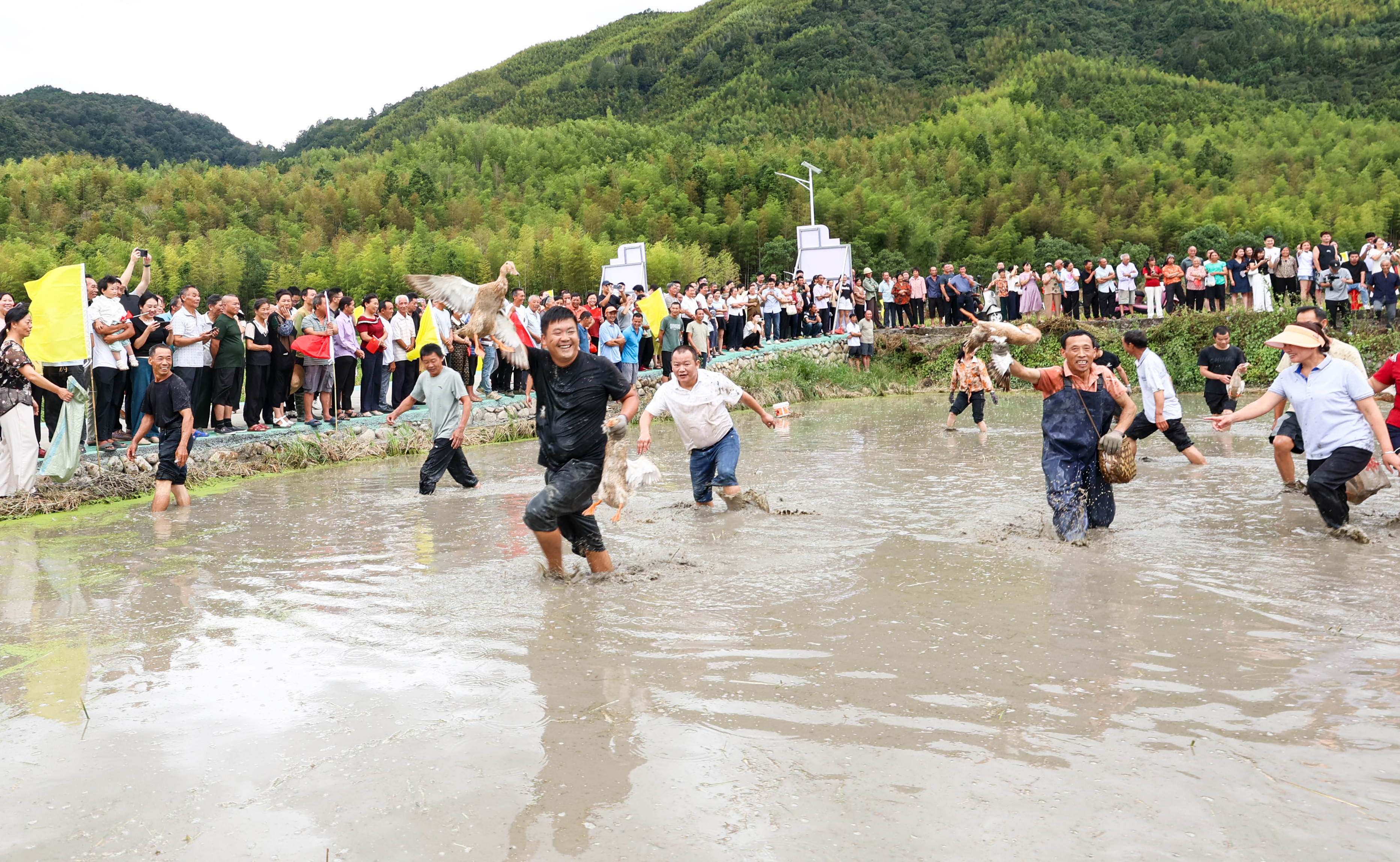 ↑9月23日,在位于福建省三明市建宁县溪源乡楚尾村的丰收节活动现场,选手参加抓鸭子比赛。新华社发(陈震摄)
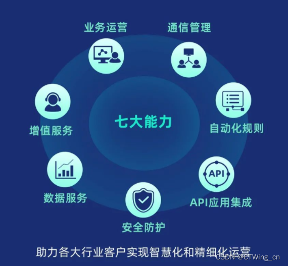 业务运营、通信管理、自动化规则、API应用集成、安全防护、数据服务、增值服务,七大能力助力各大行业客户实现智慧化和精细化运营。
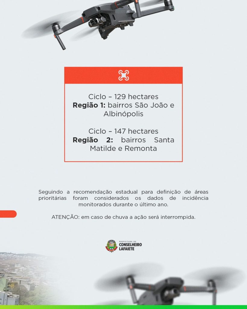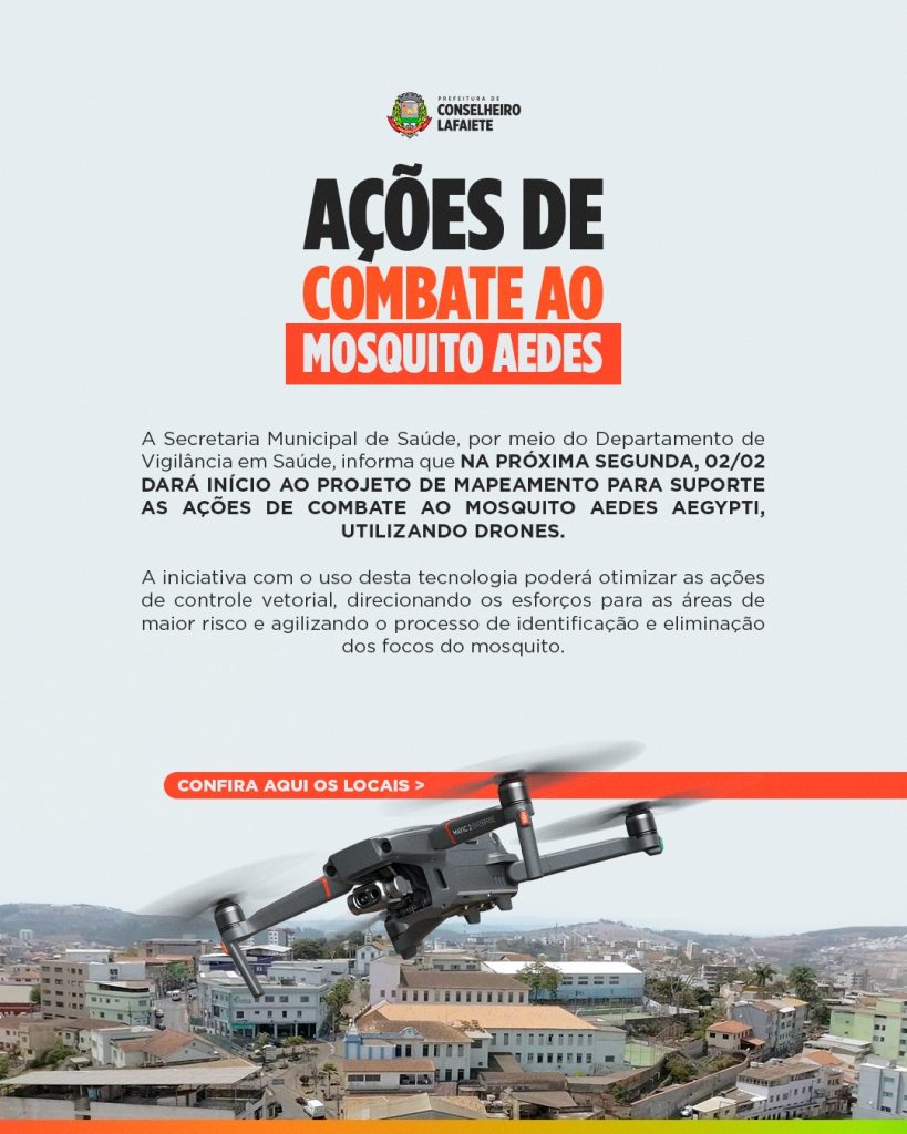 A Secretaria Municipal de Saúde iniciou o mapeamento com drones para reforçar as ações de combate ao mosquito Aedes aegypti em áreas prioritárias do município. A tecnologia permite identificar focos de difícil acesso, direcionar esforços para regiões de maior risco e tornar o controle vetorial mais ágil e eficiente. A ação integra uma estratégia baseada em dados de monitoramento, ampliando a prevenção e protegendo a saúde da população. Em caso de chuva, a operação poderá ser interrompida. Faça sua parte: reserve alguns minutos por semana para eliminar possíveis criadouros em casa
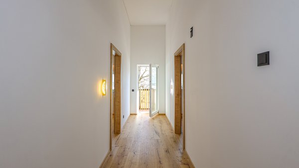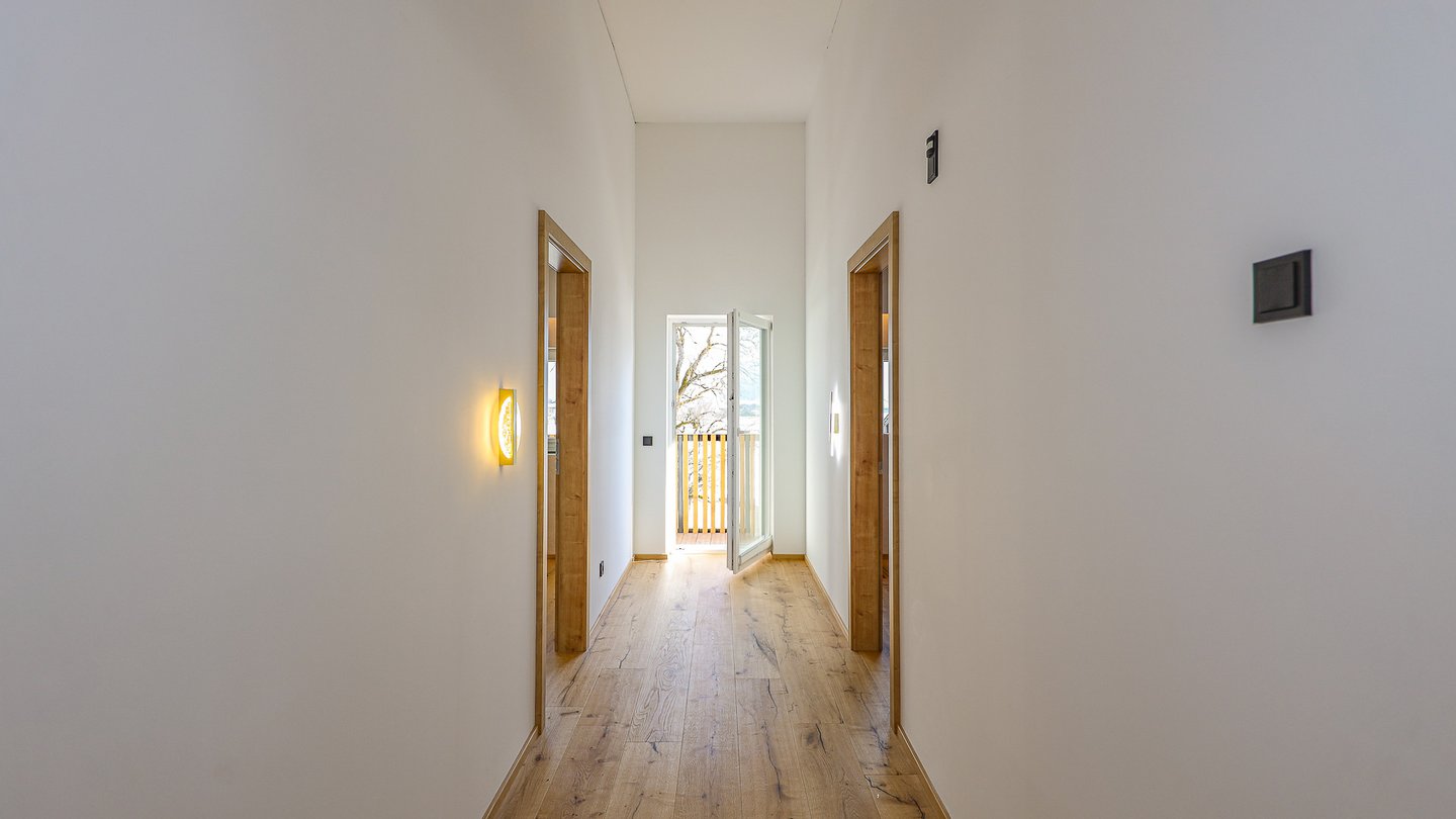 Man betritt das Penthouse und gelangt in einen geräumigen Vorraum mit Garderobe und Gäste-Toilette.
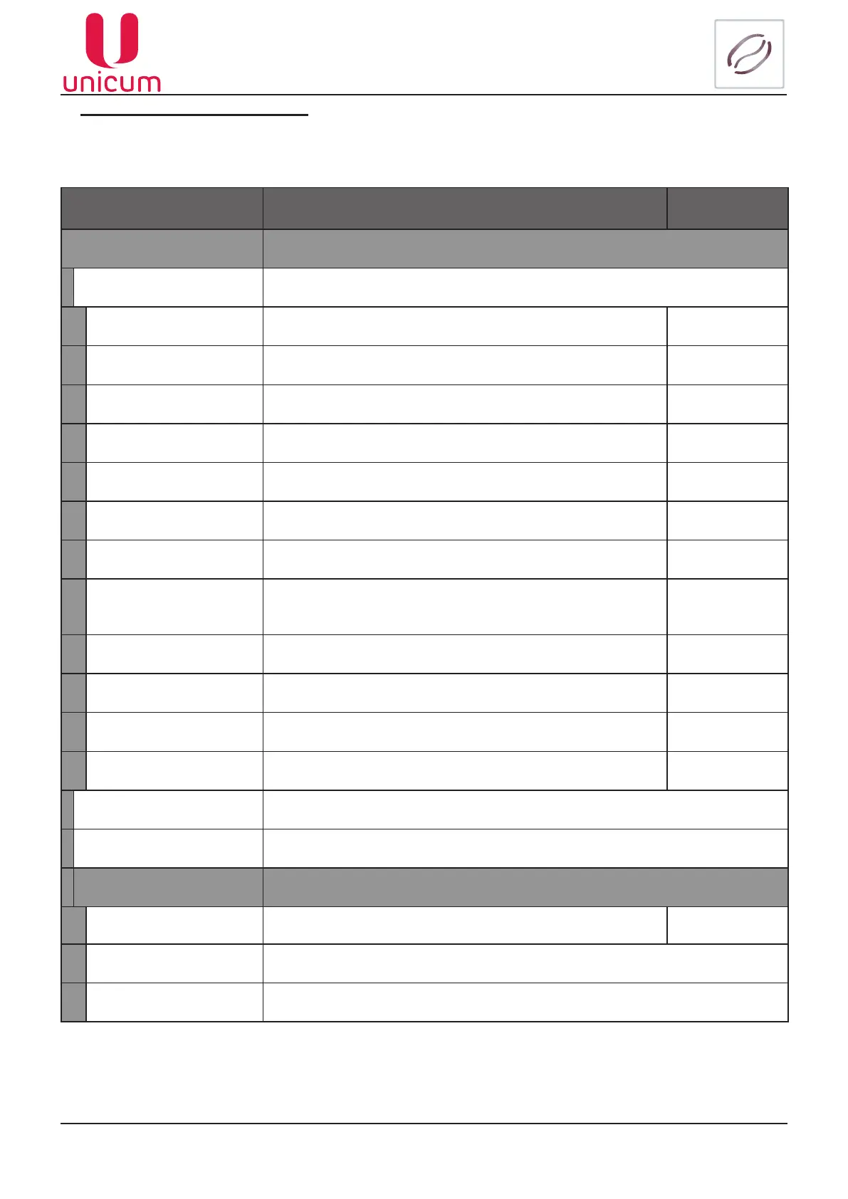 Sub-menu Description Value
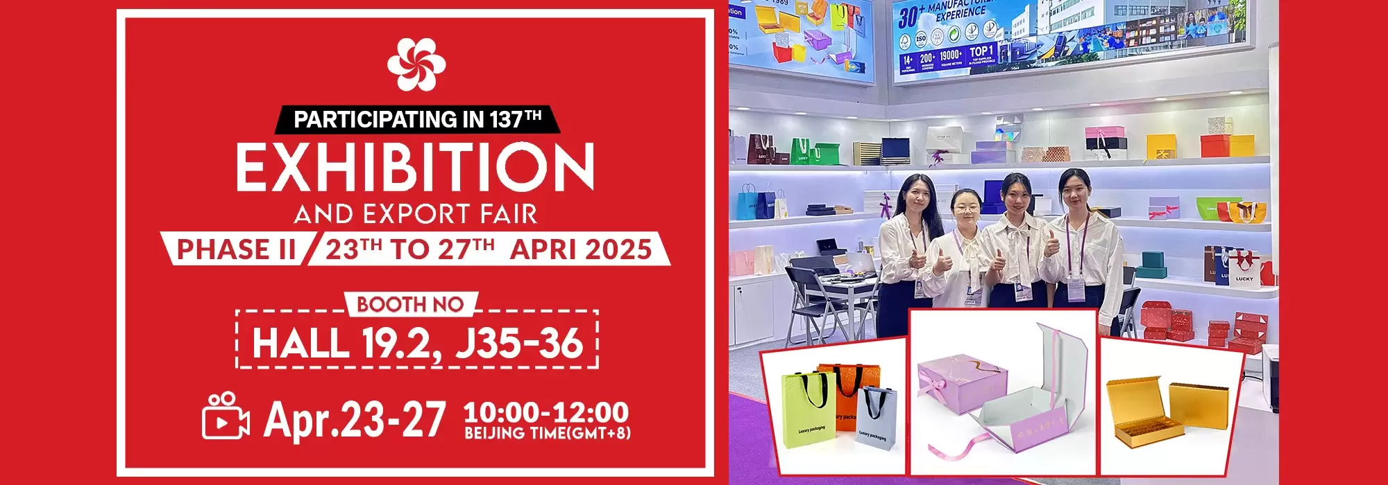 Dal 23 al 27 aprile, vi aspettiamo alla Fiera di Primavera di Canton. Il nostro stand è HALL 19.2, J35-36. Scegliete Xiamen Hengxing Color Printing e riceverete imballaggi in carta di alta qualità, soluzioni di imballaggio ecocompatibili e servizi professionali efficienti. Unitevi a noi per creare brillantezza! Assistiamo insieme all'eccellenza e creiamo brillantezza insieme!
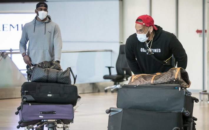 Ο Ντάριλ Μονρό και ο Ντ' Άντζελο Χάρισον είναι ανάμεσα στους παίκτες που επέστρεψαν, φορώντας μάλιστα και φούτερ "quarantined". Στο αεροδρόμιο τους περίμενε ένα πακέτο με τα απαραίτητα της εποχής: μάσκες, αντισηπτικά και όλα τα σχετικά.

**Task to carry out**
Every record above must be given again exactly; drop the pictures.

**Finished exercise**
 ↑9月23日,在位于福建省三明市建宁县溪源乡楚尾村的丰收节活动现场,选手参加抓鸭子比赛。新华社发(陈震摄)
 业务运营、通信管理、自动化规则、API应用集成、安全防护、数据服务、增值服务,七大能力助力各大行业客户实现智慧化和精细化运营。
 A Secretaria Municipal de Saúde iniciou o mapeamento com drones para reforçar as ações de combate ao mosquito Aedes aegypti em áreas prioritárias do município. A tecnologia permite identificar focos de difícil acesso, direcionar esforços para regiões de maior risco e tornar o controle vetorial mais ágil e eficiente. A ação integra uma estratégia baseada em dados de monitoramento, ampliando a prevenção e protegendo a saúde da população. Em caso de chuva, a operação poderá ser interrompida. Faça sua parte: reserve alguns minutos por semana para eliminar possíveis criadouros em casa
 Man betritt das Penthouse und gelangt in einen geräumigen Vorraum mit Garderobe und Gäste-Toilette.
 Sub-menu Description Value
 Dal 23 al 27 aprile, vi aspettiamo alla Fiera di Primavera di Canton. Il nostro stand è HALL 19.2, J35-36. Scegliete Xiamen Hengxing Color Printing e riceverete imballaggi in carta di alta qualità, soluzioni di imballaggio ecocompatibili e servizi professionali efficienti. Unitevi a noi per creare brillantezza! Assistiamo insieme all'eccellenza e creiamo brillantezza insieme!
 Ο Ντάριλ Μονρό και ο Ντ' Άντζελο Χάρισον είναι ανάμεσα στους παίκτες που επέστρεψαν, φορώντας μάλιστα και φούτερ "quarantined". Στο αεροδρόμιο τους περίμενε ένα πακέτο με τα απαραίτητα της εποχής: μάσκες, αντισηπτικά και όλα τα σχετικά.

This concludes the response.